Weiner also established a speakers bureau that trained people for speeches to civic groups and community organizations all over the state. Sometimes there was opposition, sometimes not.

He arranged for more than 1,200 airings of television commercials and 4,300 radio spots in the last two weeks of the campaign. In one of them, a rabbi and a Roman Catholic priest said it was "morally wrong" for people to be jobless and hungry, as some in Atlantic City were, and that casino gambling would save them.

"Many religious leaders believe this is the real moral issue," they said.
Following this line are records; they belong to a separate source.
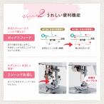 ■主な機能…ボックスフィード、ワンハンド糸通し、自動糸切り、らくらく下糸巻、下糸らくスルー、コンピュータ式自動糸調子、押え圧力調整、段ぬい押えボタン、針上下ボタン、7枚送り歯、糸切れ検知、ドロップフィード、LED手元ランプ、止めぬい、ワンタッチスローボタン、全自動ボタンホール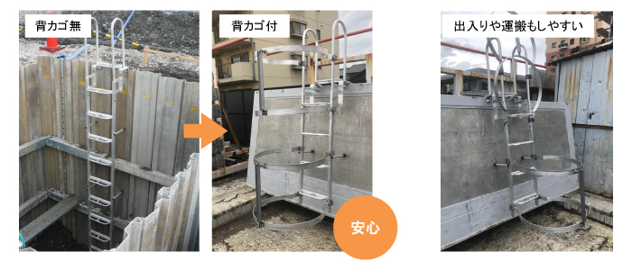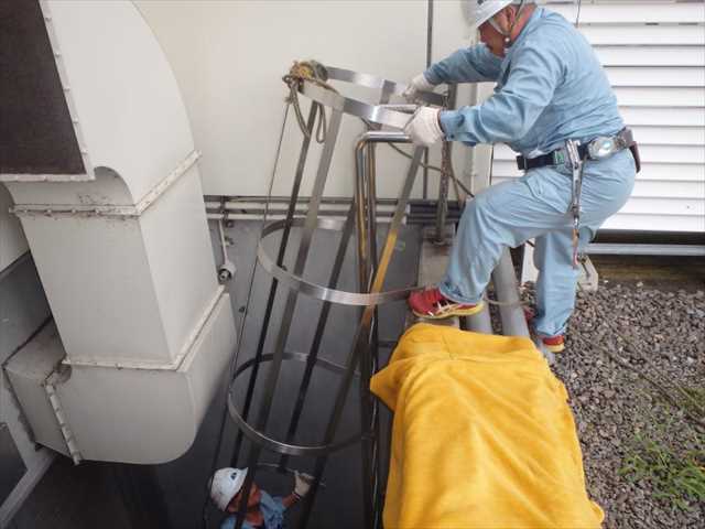 大日本興業株式会社安全ガードの役割を果たす梯子に付帯する””背カゴ””。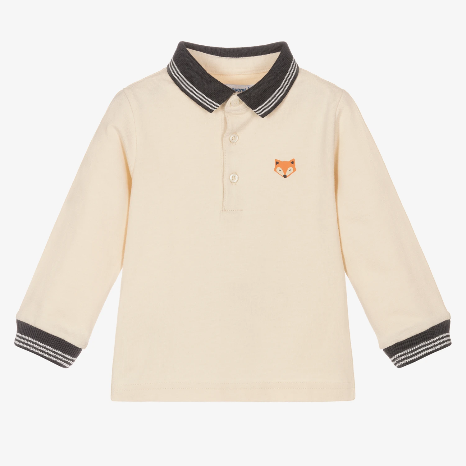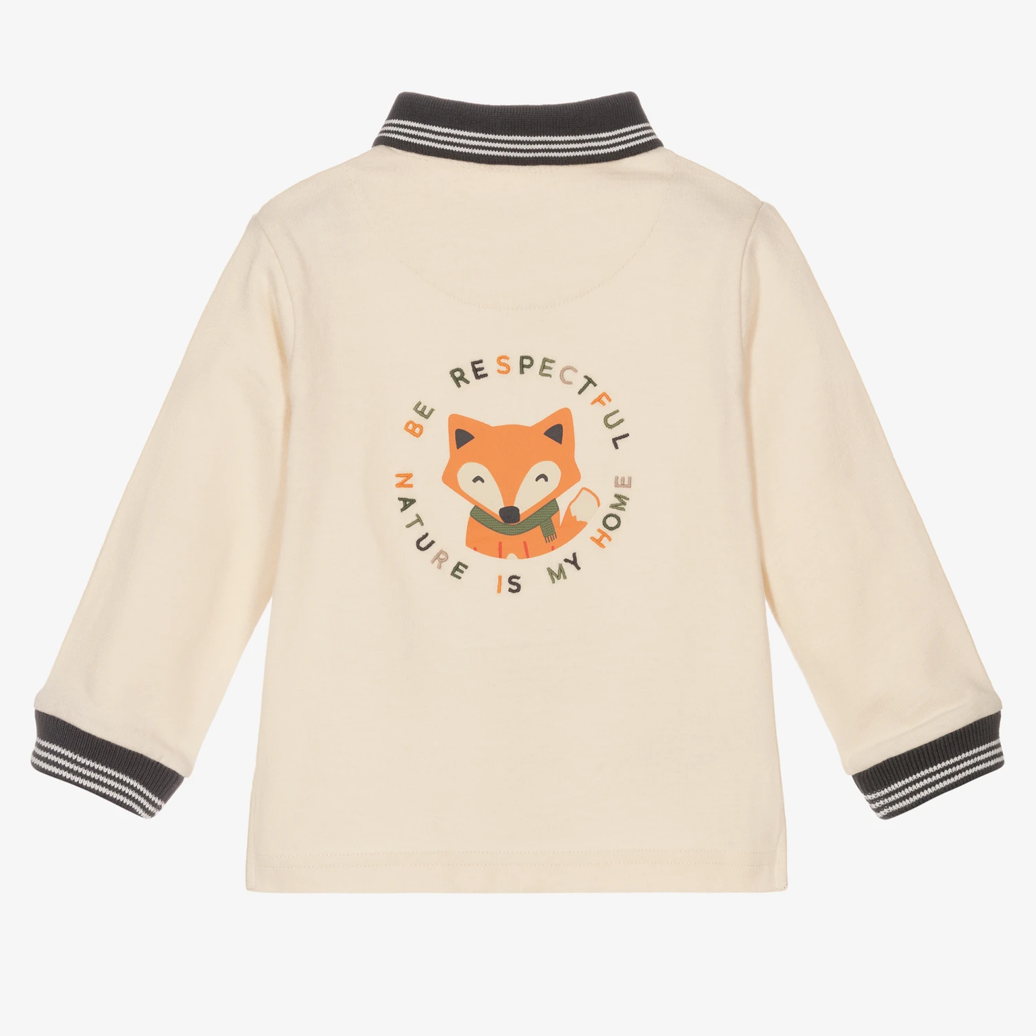 Little boys beige sustainable cotton polo shirt from Mayoral. Made in stretchy, mid-weight jersey, this long-sleeved top has front button fastenings and a stripy grey ribbed collar and cuffs. There are cute little fox prints on the front and back, accompanied by ‘be respectful’ and ‘nature is my home’ embroidery on the back.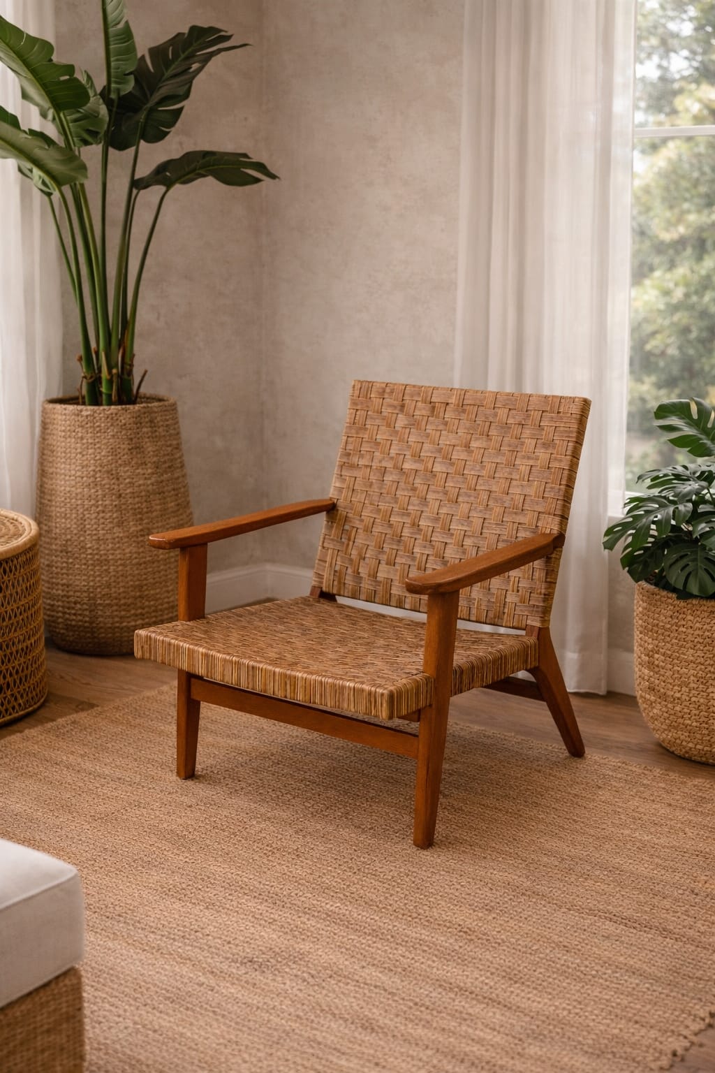Placed in the corner near the wall and window, the chair forms a functional and cozy seating nook without disrupting the room’s layout. Natural daylight enhances the wood grain and woven textures, adding brightness and a calming atmosphere to the space.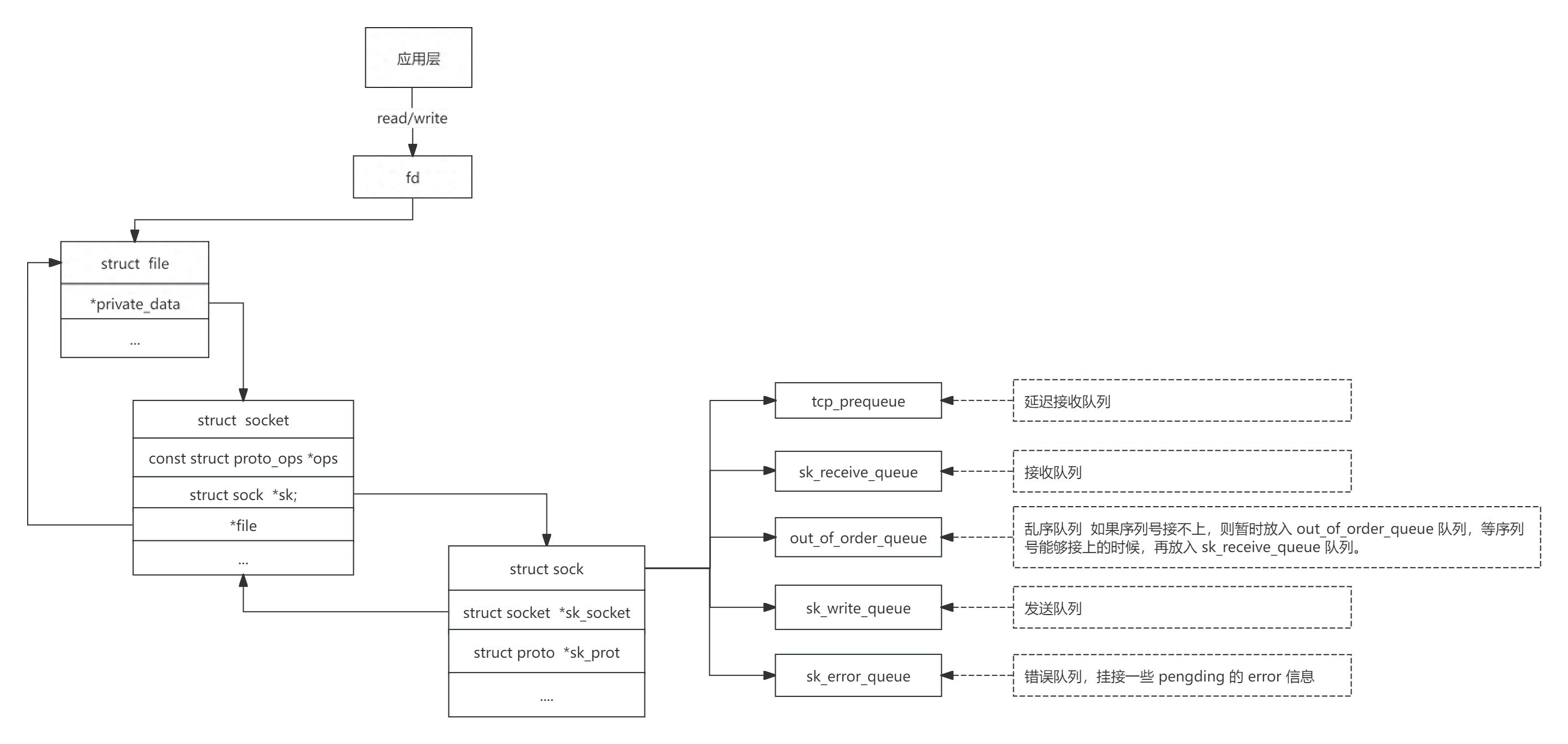 了解epoll机制前我们先熟悉下应用程序是怎么和内核协议栈关联的,这里涉及到几个结构: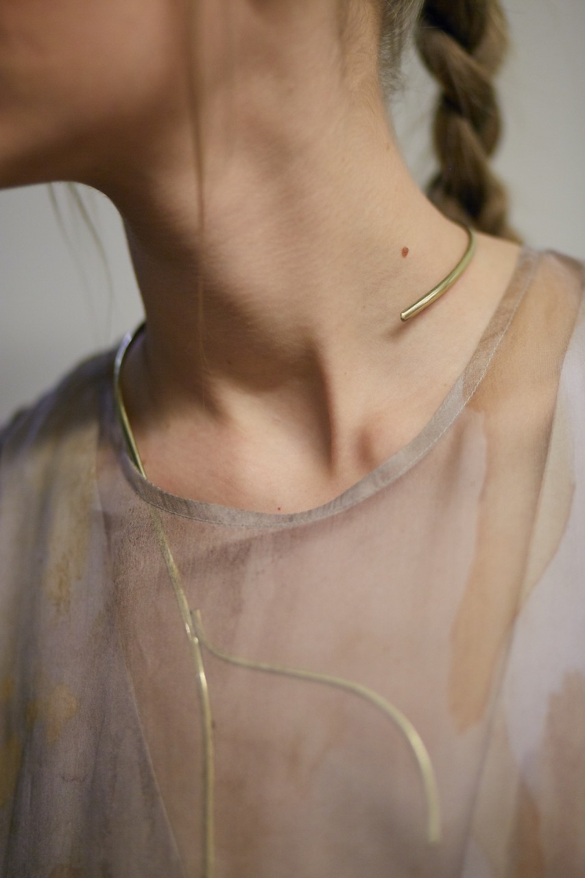 Pulseiras e colares dourados fecharam alguns looks do verão 2020. A dica, desta vez, é colocar a ponta do colar por dentro da gola transparente, o que proporciona ainda mais um tipo de grafismo.

That wasn't the only move to neutralize the New Jersey Council of Churches and the "No Dice" crowd. CRAC also mobilized what its members referred to as the "God squad" or "the flying nuns."

The Rev. Martin Wisznat, a Margate minister, together with nuns from an Atlantic City parish wearing their habits, made about two dozen appearances at shopping centers and elsewhere to hand out pamphlets supporting casino gambling.

Did it work? "I never measured it, but we won the election," Siracusa said.